#### [Supplied data]
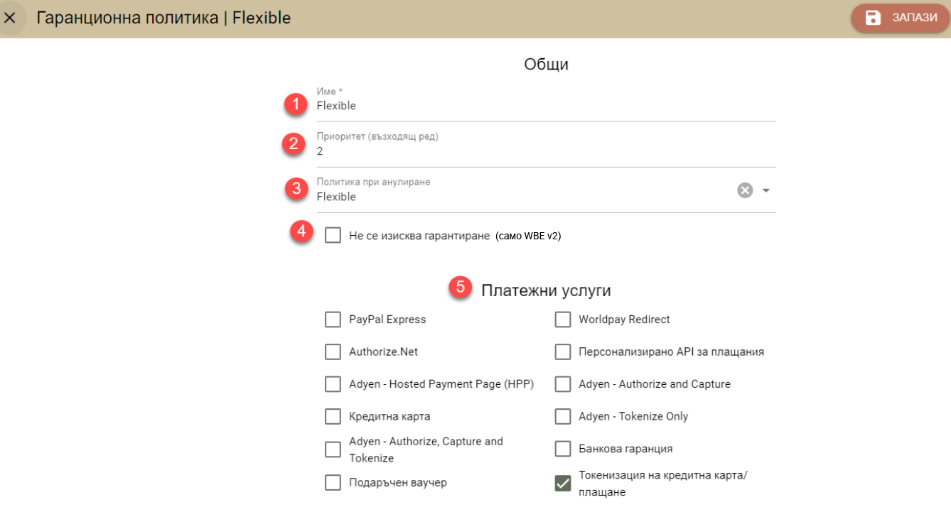 - Платежни услуги (5) - Изберете кои платежни услуги да приложите към тази политика. Платежните услуги се използват в WBE и Портал на госта. Те дефинират как може да бъде финализирана резервация: с онлайн плащане, чрез предоставяне на данни за кредитна карта или чрез офлайн банково плащане:
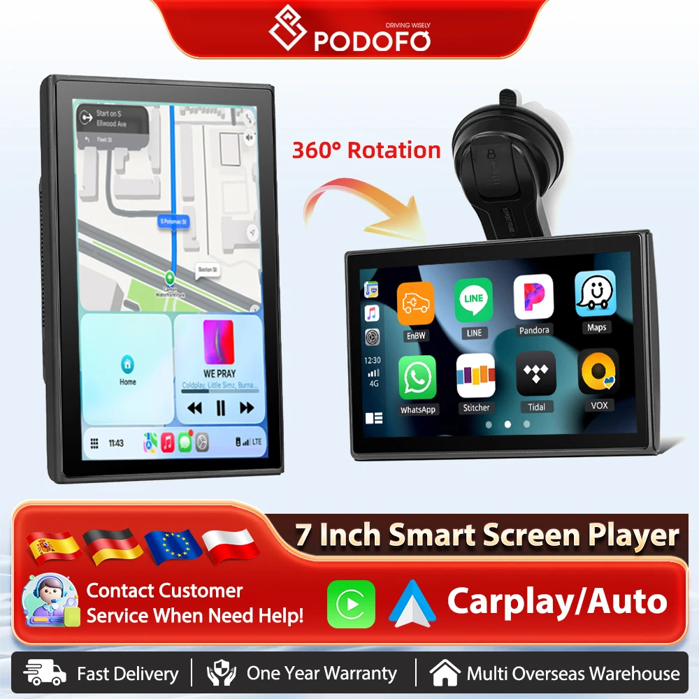 Podofo 7'' bezdrátový Carplay Android auto auto DVR chytrý obrazovka hráč rotační obrazovka noc vidění brian wayne transeau airplay airplay Android litého
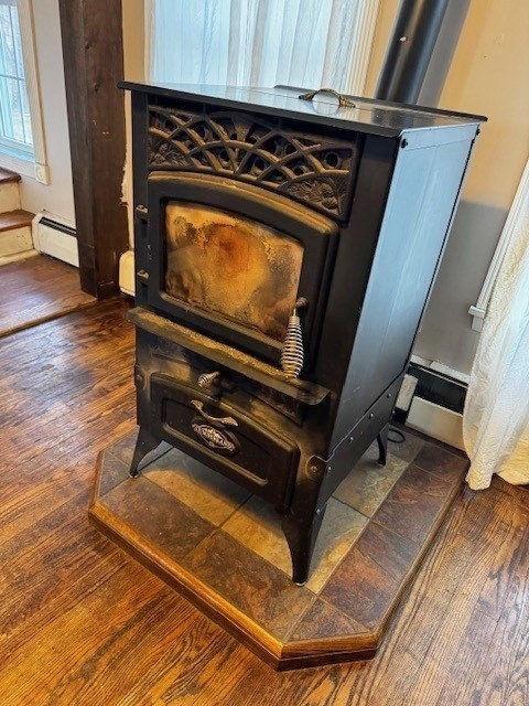 This lovely Village Colonial could be your next home address. Set on a fenced lot in the Village Business Zone it's the perfect location for a home business. Features include hardwood flooring, replacement windows, newer roof, siding, kitchen, deck & boiler (see Documents for dates). First floor offers formal living room, dining room with pellet stove, & kitchen with breakfast bar & slider to the composite deck. A turning staircase leads to the second floor where 3 bedrooms & a remodeled bath reside. All bedrooms have ceiling fans and the Main bedroom offers a walk-in closet. If you wish to expand your living area there is also a staircase to attic storage space as well as an enclosed sunroom porch, and a partially finished walk-out basement where former owners once ran their flooring business. There was once a half bath in the basement with potential to restore. The home is serviced with town water and sewer and has 4 parking spaces available in the U-shaped paved driveway.
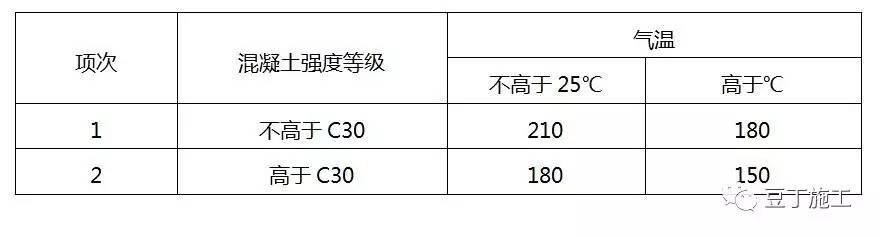 注:當(dāng)混凝土中接有促凝或緩凝型外加劑時,其允許時間應(yīng)根據(jù)試驗結(jié)果確定。
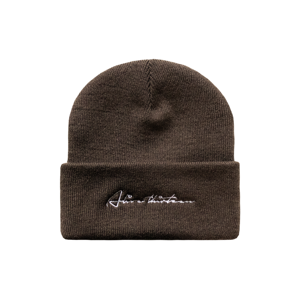Alive thirteen Beanie. Braun mit einem Alive thirteen Schriftzug bestickt in Weiss.
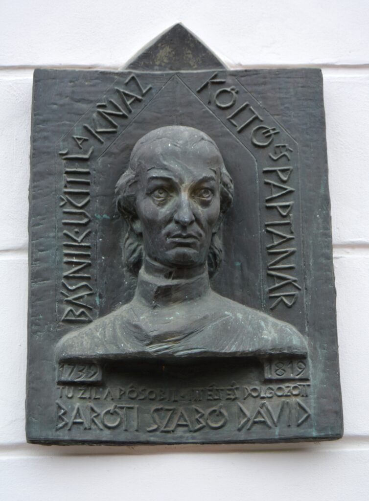 A barokk stílusú épület, melyen a domborműves emléktáblát 1995-ben elhelyezték, egykor a jezsuiták kolostora volt. Itt, ebben az épületben tanított Baróti Szabó Dávid. Itt alapították meg Kazinczy Ferenccel és Batsányi Jánossal együtt a „Magyar Museum” című folyóiratot.
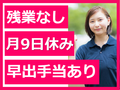 月9日休み/残業なし/ブランクOK/早出勤務は手当あり/休日は相談OK
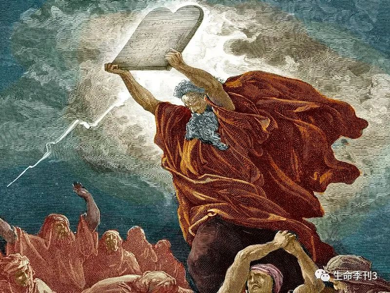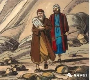“摩西转身下山,手里拿着两块法版。这版是两面写的,这面那面都有字,是神的工作,字是神写的,刻在版上。约书亚一听见百姓呼喊的声音,就对摩西说:在营里有争战的声音。摩西说:这不是人打胜仗的声音,也不是人打败仗的声音,我所听见的乃是人歌唱的声音。”(32:15–18)
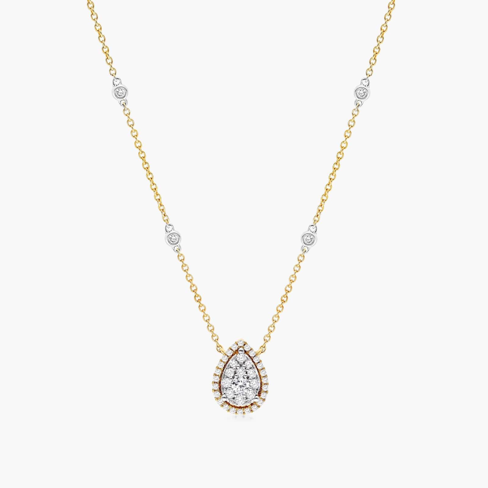 Pear Halo Cluster Diamond Necklace In 14K Yellow Gold
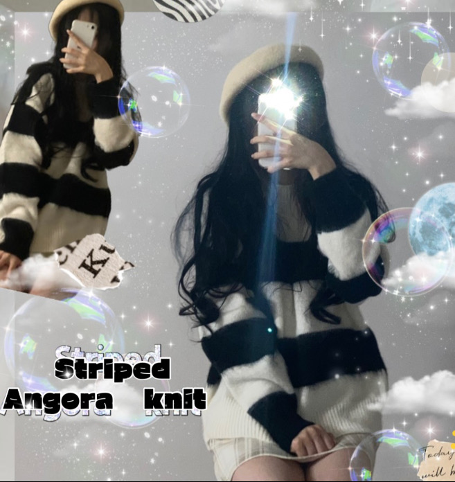단가라 앙고라 오버핏 니트 무채색룩 스트라이프
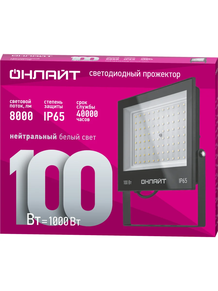 Прожектор светодиодный 61 947 OFL-100-4K-BL-IP65-LED 100Вт 4000К IP65 8000лм черн. ОНЛАЙТ 61947 - купить в KeepBuilding | KeepBuilding
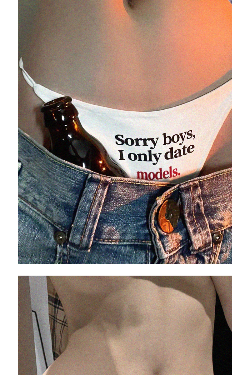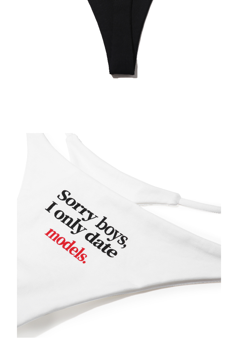 Wcc Brand Fashion Sorryboysionlydatemodels Spoof Thong Black and White
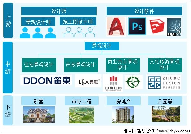 景觀設(shè)計(jì)主要服務(wù)于:城市景觀設(shè)計(jì)(城市廣場、商業(yè)街、辦公環(huán)境等)、居住區(qū)景觀設(shè)計(jì)、城市公園規(guī)劃與設(shè)計(jì)、濱水綠地規(guī)劃設(shè)計(jì)、旅游度假區(qū)與風(fēng)景區(qū)規(guī)劃設(shè)計(jì)等 。園林景觀設(shè)計(jì)是指風(fēng)景與園林的規(guī)劃設(shè)計(jì),按照目前國內(nèi)行業(yè)現(xiàn)狀,主要分為住宅景觀、市政景觀、商業(yè)辦公景觀、文化旅游景觀設(shè)計(jì)等。景觀設(shè)計(jì)是一個綜合性學(xué)科,除涉及植物、設(shè)計(jì)、規(guī)劃等學(xué)科外,還涉及土建、文化、歷史、藝術(shù)、美學(xué)等方面的知識。從整個產(chǎn)業(yè)鏈來看,園林景觀設(shè)計(jì)行業(yè)的下游客戶主要包括房地產(chǎn)開發(fā)商和各級政府及行政單位等。景觀設(shè)計(jì)行業(yè)產(chǎn)業(yè)鏈
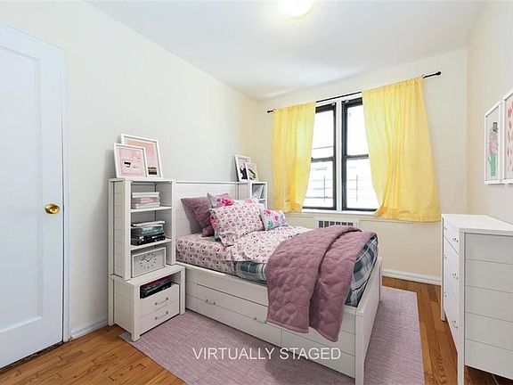 Cozy 2BR / 1BA apartment on the fifth floor of an impeccably maintained elevator co-op building in Bay Ridge. Spacious and sunny living room has a dining area. Master bedroom has double exposure. Bathroom has a window. Nice hardwood floors throughout. The building is immaculate and has a live-in super, remodeled lobby, multiple entrances for ease of access and landscaped grounds. Other amenities include on-site modern laundry room, bike rack, and storage (waiting list). Exceptionally convenient Bay Ridge location near waterfront park, subway and express bus, large supermarket across the street, and close to the neighborhood's noted stores and restaurants. This is a well-maintained building that does not allow pets.
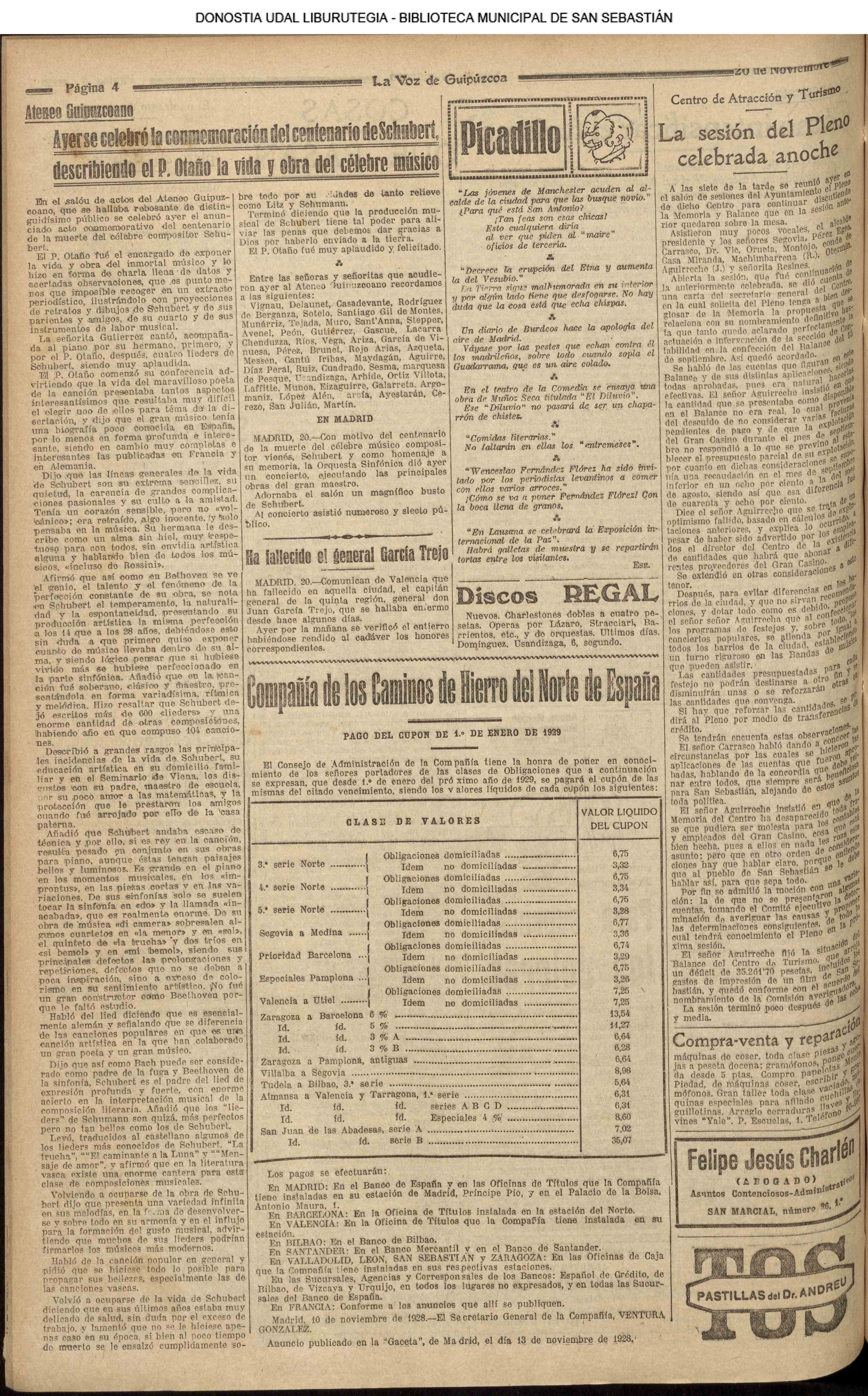 # ATENEO GUIPUZCOANO - Se celebró la conmemoración del centenario de Schubert, describiendo el P. Otaño la vida y obra del célebre músico
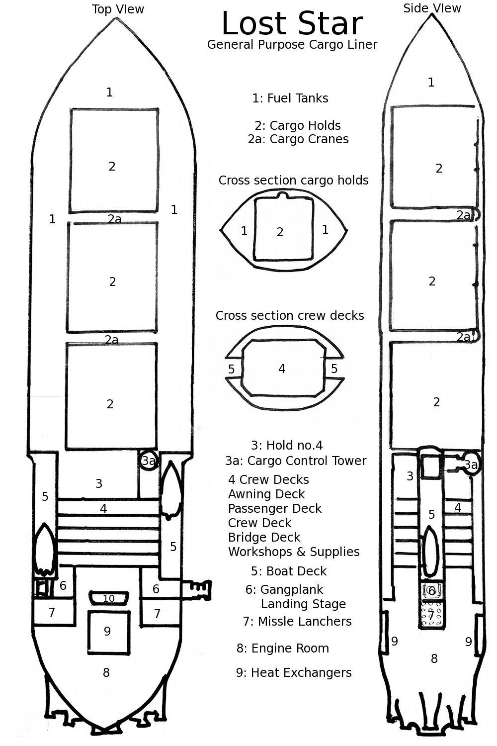 Below is a diagram of the Lost Star. I have no working knowledge of computer drafting, so this diagram is hand drawn, and rather crudely at that. Sorry. I made the Lost Star very utilitarian, a no-frills tramp space ship. The unexpected result of having a very plain ship, was that I found it impossible to come up with a cover illustration that was at all interesting using it. And I did try.

#### [To do]
With the pictures left out, output the lines from the one containing "Wcc Brand Fashion" through the last line of the records above, exactly as they are.

#### [Response to the exercise]
 Wcc Brand Fashion Sorryboysionlydatemodels Spoof Thong Black and White
 景觀設(shè)計(jì)主要服務(wù)于:城市景觀設(shè)計(jì)(城市廣場、商業(yè)街、辦公環(huán)境等)、居住區(qū)景觀設(shè)計(jì)、城市公園規(guī)劃與設(shè)計(jì)、濱水綠地規(guī)劃設(shè)計(jì)、旅游度假區(qū)與風(fēng)景區(qū)規(guī)劃設(shè)計(jì)等 。園林景觀設(shè)計(jì)是指風(fēng)景與園林的規(guī)劃設(shè)計(jì),按照目前國內(nèi)行業(yè)現(xiàn)狀,主要分為住宅景觀、市政景觀、商業(yè)辦公景觀、文化旅游景觀設(shè)計(jì)等。景觀設(shè)計(jì)是一個綜合性學(xué)科,除涉及植物、設(shè)計(jì)、規(guī)劃等學(xué)科外,還涉及土建、文化、歷史、藝術(shù)、美學(xué)等方面的知識。從整個產(chǎn)業(yè)鏈來看,園林景觀設(shè)計(jì)行業(yè)的下游客戶主要包括房地產(chǎn)開發(fā)商和各級政府及行政單位等。景觀設(shè)計(jì)行業(yè)產(chǎn)業(yè)鏈
 Cozy 2BR / 1BA apartment on the fifth floor of an impeccably maintained elevator co-op building in Bay Ridge. Spacious and sunny living room has a dining area. Master bedroom has double exposure. Bathroom has a window. Nice hardwood floors throughout. The building is immaculate and has a live-in super, remodeled lobby, multiple entrances for ease of access and landscaped grounds. Other amenities include on-site modern laundry room, bike rack, and storage (waiting list). Exceptionally convenient Bay Ridge location near waterfront park, subway and express bus, large supermarket across the street, and close to the neighborhood's noted stores and restaurants. This is a well-maintained building that does not allow pets.
 # ATENEO GUIPUZCOANO - Se celebró la conmemoración del centenario de Schubert, describiendo el P. Otaño la vida y obra del célebre músico
 Below is a diagram of the Lost Star. I have no working knowledge of computer drafting, so this diagram is hand drawn, and rather crudely at that. Sorry. I made the Lost Star very utilitarian, a no-frills tramp space ship. The unexpected result of having a very plain ship, was that I found it impossible to come up with a cover illustration that was at all interesting using it. And I did try.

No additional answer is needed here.